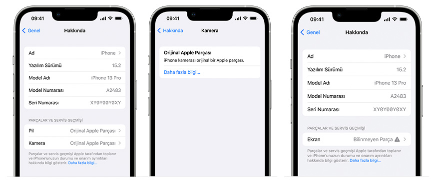 Bu kısım oldukça önemli. Yine aynı şekilde iPhone telefonlarda AYARLAR – GENEL – HAKKINDA kısmında “PARÇALAR ve SERVİS GEÇMİŞİ” başlığı altında değişen parçalarını görebilirsiniz. Örneğin bir ekran değiştiyse kesinlikle bu kısımda değişen parça bilgisi yer alacaktır. Batarya, Kamera, Anakart, Ekran gibi ana donanım birimlerinden değişenler burada yer alır.
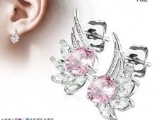 Ocelové náušnice jsou vyhotoveny v podobě třpytivého andělského křídla, které zdobí jeden větší kulatý zirkon v barvě růžové a čtyři menší zrnkovité zirkonky. Náušnice se zapínají na kolík a brzdítko. Rozměry náušnic: 9 x 15 mm
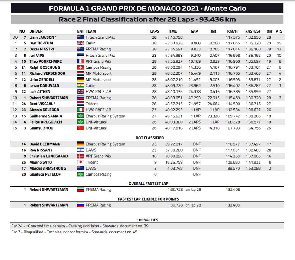 The Race 2 saw Carlin’s Daniel Ticktum win after DQ for Liam Lawson in Monaco F2 weekend, as ART’s Theo Pourchaire took the feature race victory.
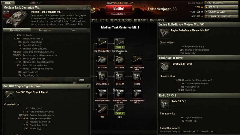 8级百夫长MkI 拥有一门穿深不错的主炮和悲剧的最高速度
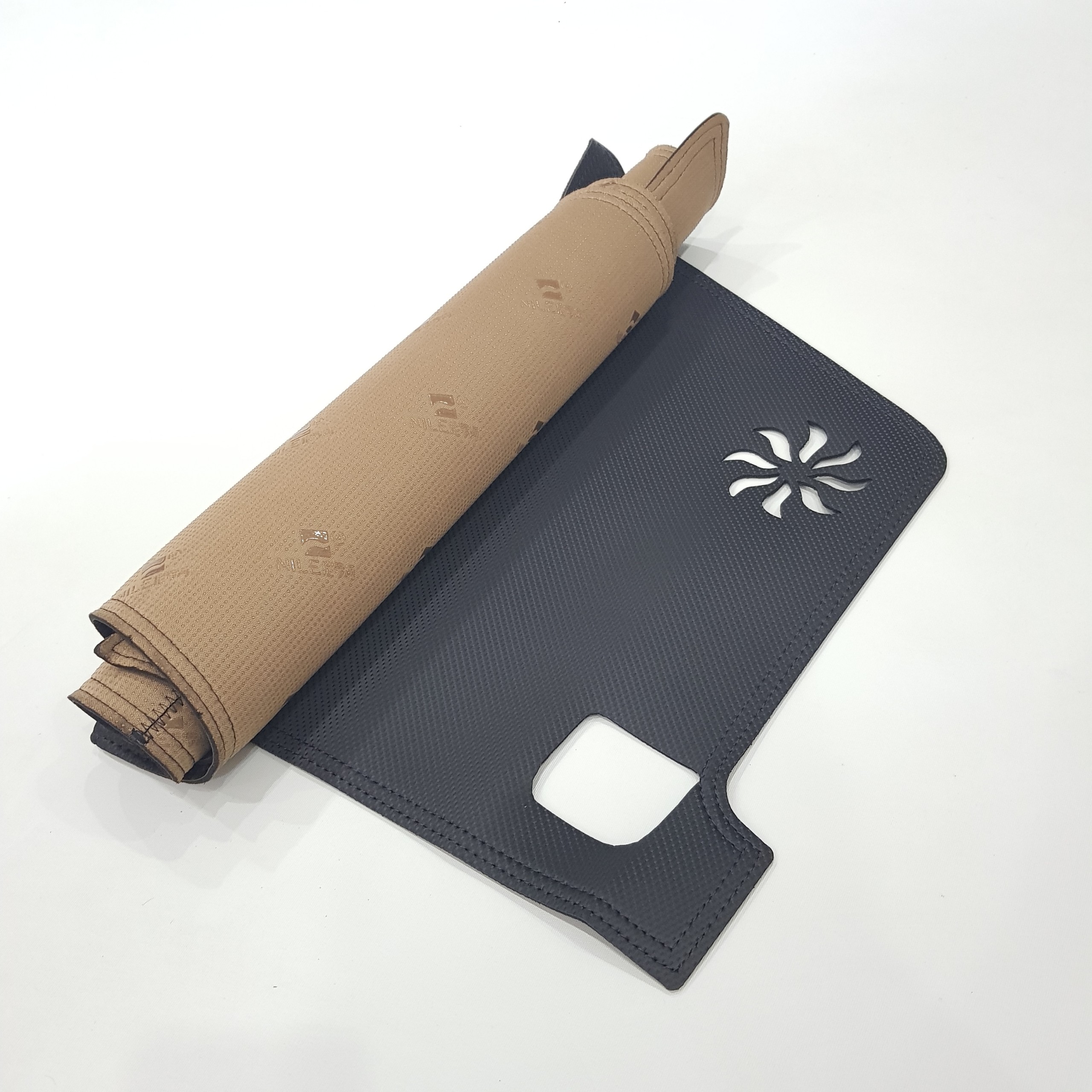 Đặc điểm: Chất liệu da cao cấp, Có đế chống trượt, Màu da vân các bon đen mịn màng Chất Thảm chống nắng taplo Da lượng như hình
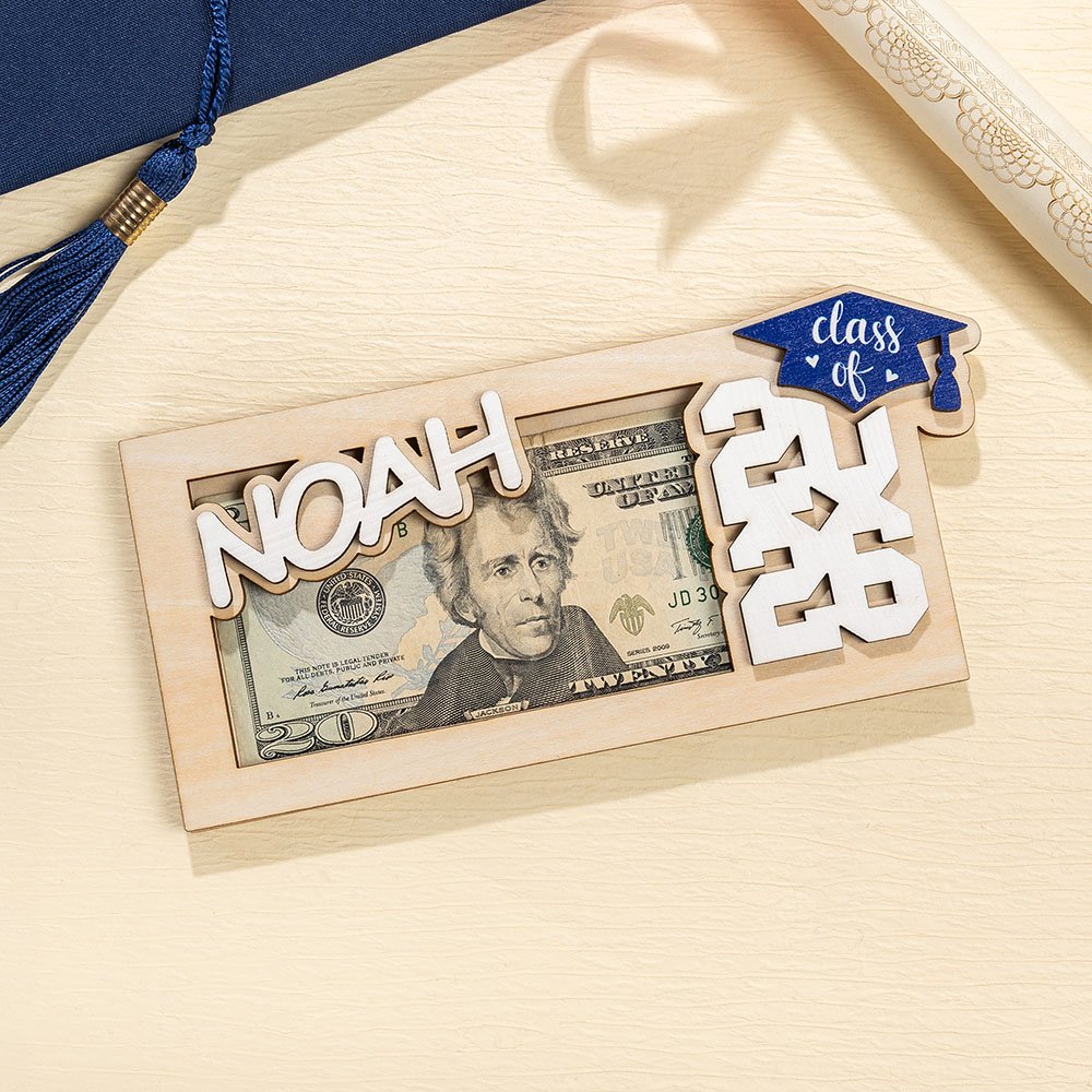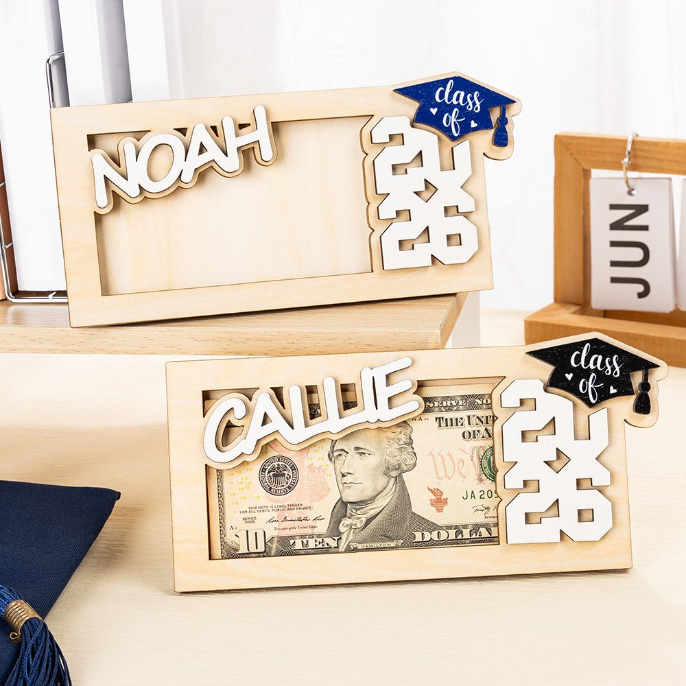 Gepersonaliseerde Grad Cap Houten Geldhouder Geld Envelop met Naam en Gegraveerde Tekst Klasse van 2026 Afstudeercadeau voor Afgestudeerden
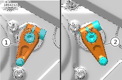 | 6. | כלי רכב עם רתמה למתג רגלית צד. a. הסר את האזיקון מהרתמה למתג רגלית הצד. b. איור 7 חבר את רתמת מעביר ההילוכים המהיר ואת רתמת רגלית הצד בצורה רופפת בעזרת אזיקון (3). c. חבר את רתמת מעביר ההילוכים המהיר ואת תושבת המסגרת של רגלית הצד בצורה רופפת בעזרת אזיקון (2). d. ודא שניתוב רתמת מעביר ההילוכים המהיר אינו בא במגע עם מגן המנוע התחתון, רגלית הצד ומסנן השמן. e. ודא שהעלאות/הורדות ההילוכים מתבצעות בטווח תנועה מלא ואינן מושכות את הרתמה. הערה בדוק אם נוצר מגע בין רגלית ההילוכים לבין הגוף של חיישן מעביר ההילוכים המהיר. f. הדק את שני האזיקונים (2, 3). | |
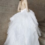 E’ un trionfo di bianco e scollature pronunciate la collezione di abiti da sposa 2015 che Vera Wang ha immaginato per le passerelle della New York Wedding Week. Il total white, in tonalità candida, aggiunge agli abiti un tocco di romanticismo che si mescola senza stridere con sensualità delle scollature pronunciate sul seno e sulla schiena. La sposa di Vera Wang è una principessa romantica che indosssa una vaporosa gonna a balze in tulle tagliato a vivo ma non sa rinunciare al suo fascino femminile.
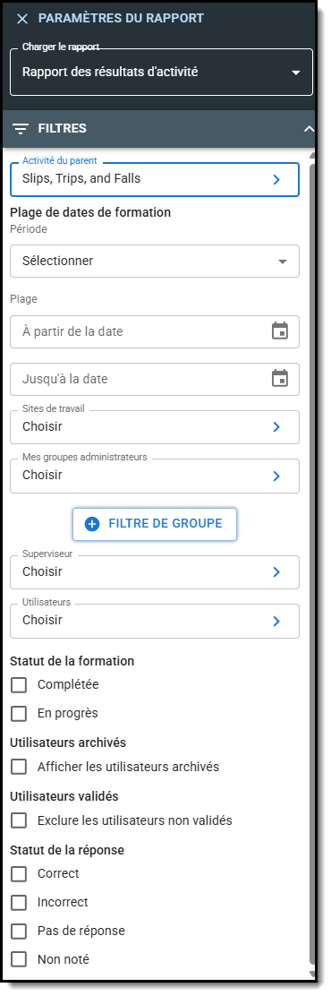 Le rapport sur les résultats des activités affiche les questions de test, les réponses et les résultats des différentes activités des employés, avec la possibilité de cliquer pour voir les détails de chaque enregistrement. Cet article vous guide à travers les différentes options de filtre et de colonne disponibles dans ce rapport. Pour obtenir des instructions sur la navigation dans les rapports SMART, voir Utilisation des rapports intelligents.
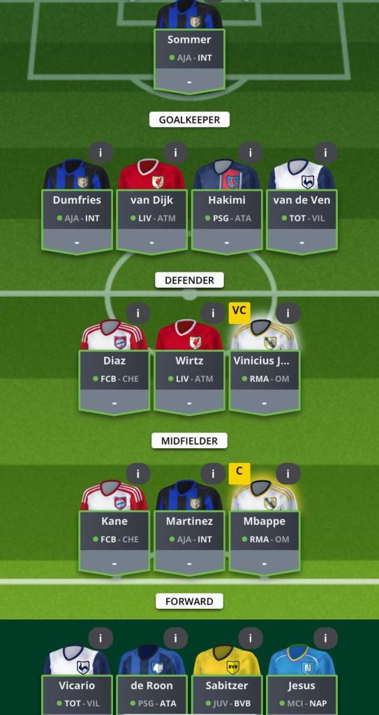 For those new to the game, the captain scores x1.25pts, as does the UD (Underdog), the cheapest player in your squad.
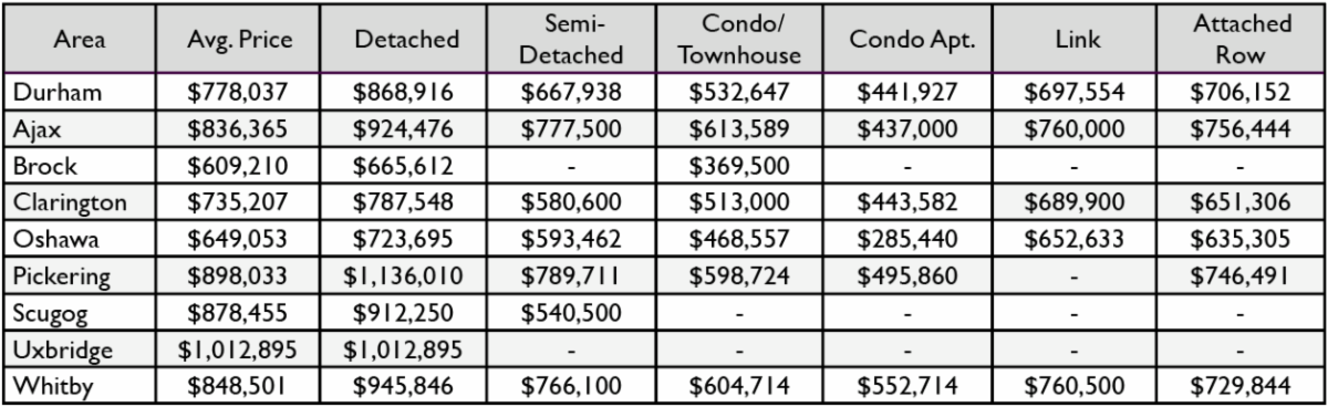December 2020- Durham Region Average Price Stats
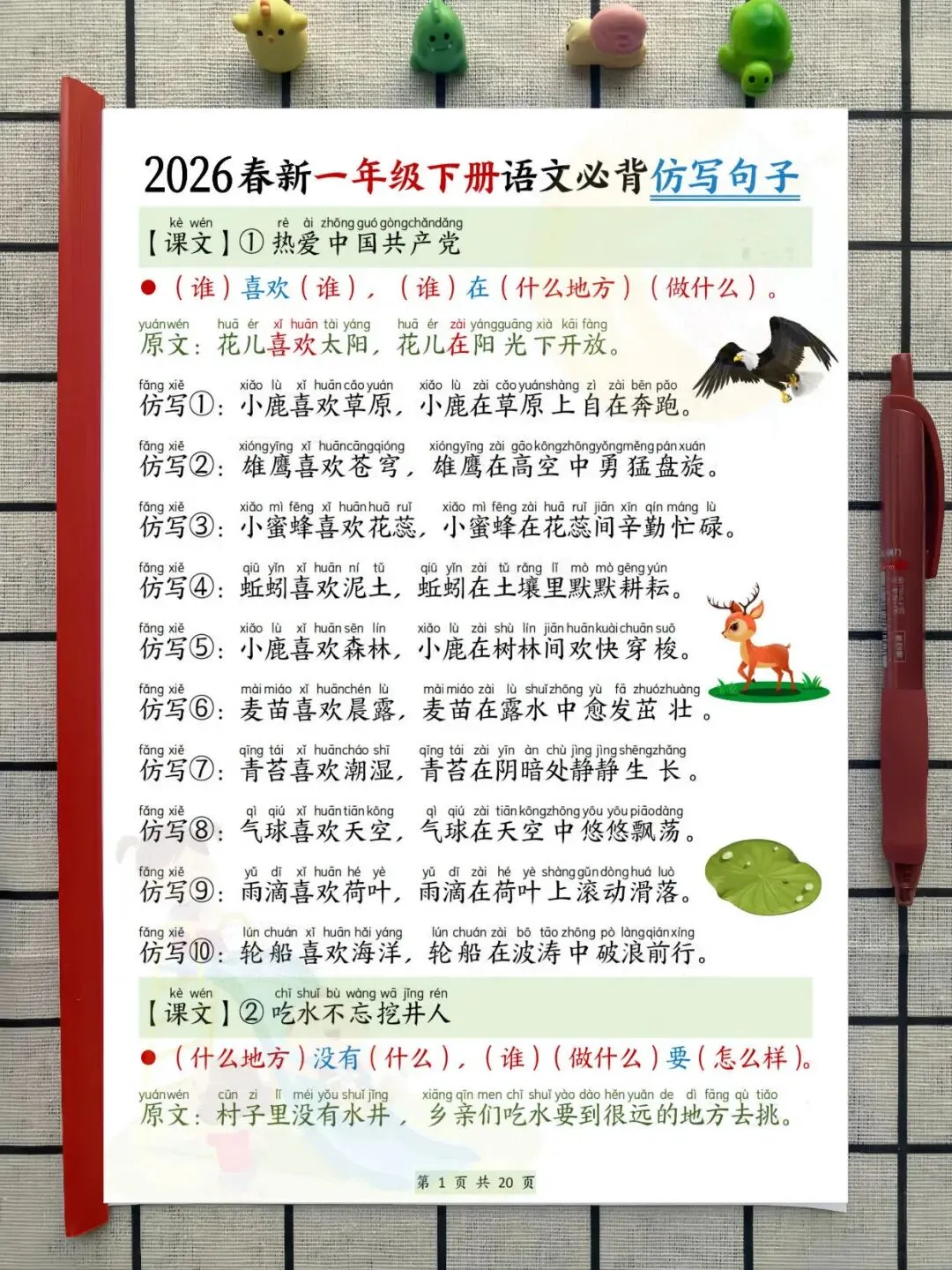 一年级下册语文必背内容可打印(课文必背+仿写句子+必背古诗词),寒假预习必备,pdf
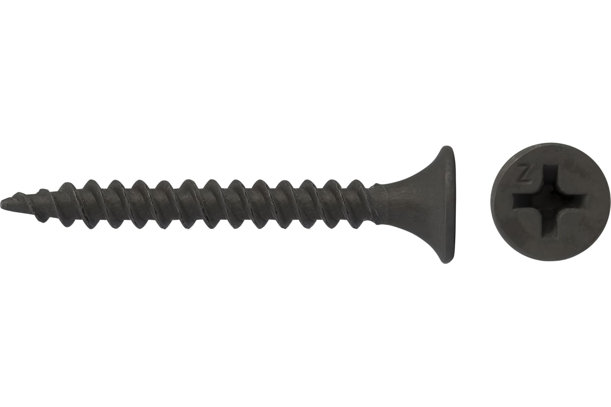 Материал сталь С1018. Покрытие черный фосфат. Частая двухзаходная резьба, голова рожковая потайная.
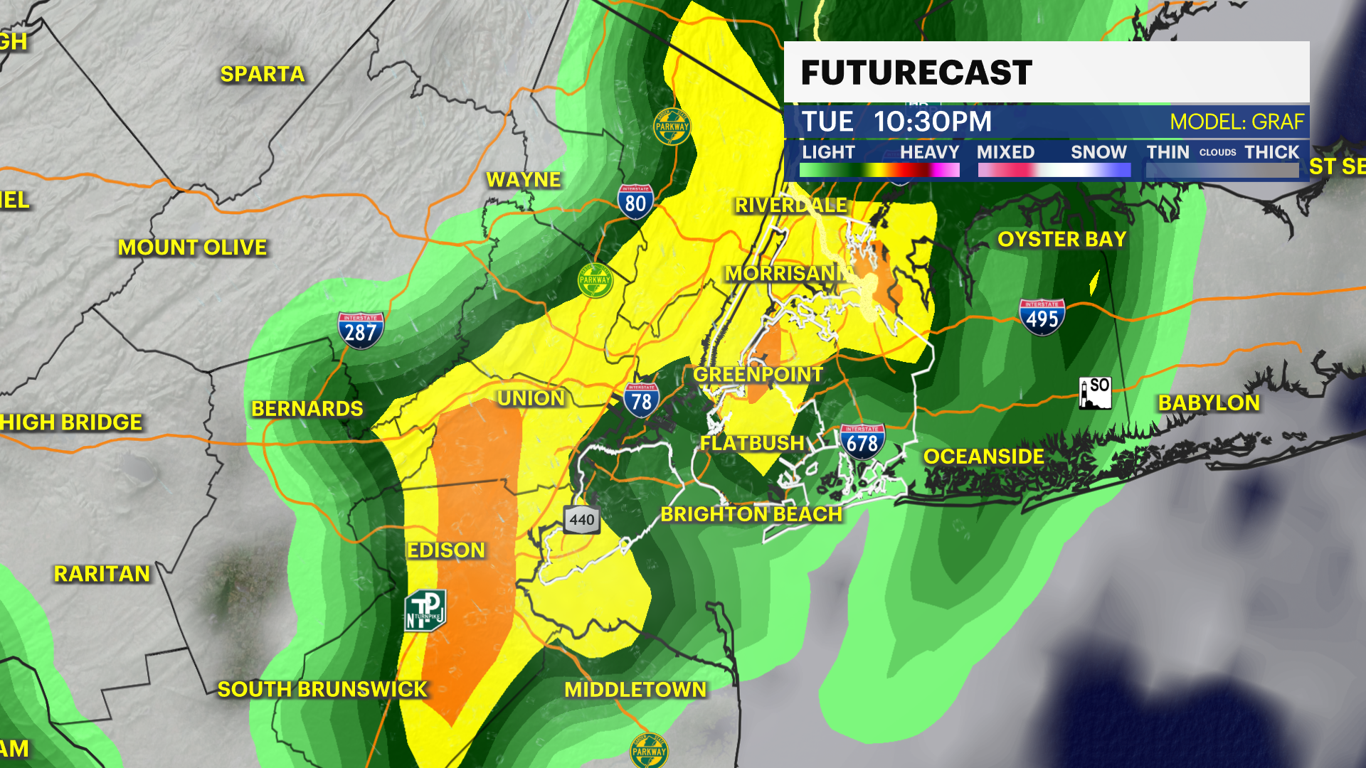 Tuesday: Partly sunny, hot and humid. Highs from the mid to upper-80s. At night, mostly cloudy and a chance of showers.

## Activity:
Transcribe the listing in full. Omit the pictures and keep every line exact.

## Written response:
 Bu kısım oldukça önemli. Yine aynı şekilde iPhone telefonlarda AYARLAR – GENEL – HAKKINDA kısmında “PARÇALAR ve SERVİS GEÇMİŞİ” başlığı altında değişen parçalarını görebilirsiniz. Örneğin bir ekran değiştiyse kesinlikle bu kısımda değişen parça bilgisi yer alacaktır. Batarya, Kamera, Anakart, Ekran gibi ana donanım birimlerinden değişenler burada yer alır.
 Ocelové náušnice jsou vyhotoveny v podobě třpytivého andělského křídla, které zdobí jeden větší kulatý zirkon v barvě růžové a čtyři menší zrnkovité zirkonky. Náušnice se zapínají na kolík a brzdítko. Rozměry náušnic: 9 x 15 mm
 The Race 2 saw Carlin’s Daniel Ticktum win after DQ for Liam Lawson in Monaco F2 weekend, as ART’s Theo Pourchaire took the feature race victory.
 8级百夫长MkI 拥有一门穿深不错的主炮和悲剧的最高速度
 Đặc điểm: Chất liệu da cao cấp, Có đế chống trượt, Màu da vân các bon đen mịn màng Chất Thảm chống nắng taplo Da lượng như hình
 Gepersonaliseerde Grad Cap Houten Geldhouder Geld Envelop met Naam en Gegraveerde Tekst Klasse van 2026 Afstudeercadeau voor Afgestudeerden
 | 6. | כלי רכב עם רתמה למתג רגלית צד. a. הסר את האזיקון מהרתמה למתג רגלית הצד. b. איור 7 חבר את רתמת מעביר ההילוכים המהיר ואת רתמת רגלית הצד בצורה רופפת בעזרת אזיקון (3). c. חבר את רתמת מעביר ההילוכים המהיר ואת תושבת המסגרת של רגלית הצד בצורה רופפת בעזרת אזיקון (2). d. ודא שניתוב רתמת מעביר ההילוכים המהיר אינו בא במגע עם מגן המנוע התחתון, רגלית הצד ומסנן השמן. e. ודא שהעלאות/הורדות ההילוכים מתבצעות בטווח תנועה מלא ואינן מושכות את הרתמה. הערה בדוק אם נוצר מגע בין רגלית ההילוכים לבין הגוף של חיישן מעביר ההילוכים המהיר. f. הדק את שני האזיקונים (2, 3). | |
 E’ un trionfo di bianco e scollature pronunciate la collezione di abiti da sposa 2015 che Vera Wang ha immaginato per le passerelle della New York Wedding Week. Il total white, in tonalità candida, aggiunge agli abiti un tocco di romanticismo che si mescola senza stridere con sensualità delle scollature pronunciate sul seno e sulla schiena. La sposa di Vera Wang è una principessa romantica che indosssa una vaporosa gonna a balze in tulle tagliato a vivo ma non sa rinunciare al suo fascino femminile.
 Le rapport sur les résultats des activités affiche les questions de test, les réponses et les résultats des différentes activités des employés, avec la possibilité de cliquer pour voir les détails de chaque enregistrement. Cet article vous guide à travers les différentes options de filtre et de colonne disponibles dans ce rapport. Pour obtenir des instructions sur la navigation dans les rapports SMART, voir Utilisation des rapports intelligents.
 For those new to the game, the captain scores x1.25pts, as does the UD (Underdog), the cheapest player in your squad.
December 2020- Durham Region Average Price Stats
 一年级下册语文必背内容可打印(课文必背+仿写句子+必背古诗词),寒假预习必备,pdf
 Материал сталь С1018. Покрытие черный фосфат. Частая двухзаходная резьба, голова рожковая потайная.
 Tuesday: Partly sunny, hot and humid. Highs from the mid to upper-80s. At night, mostly cloudy and a chance of showers.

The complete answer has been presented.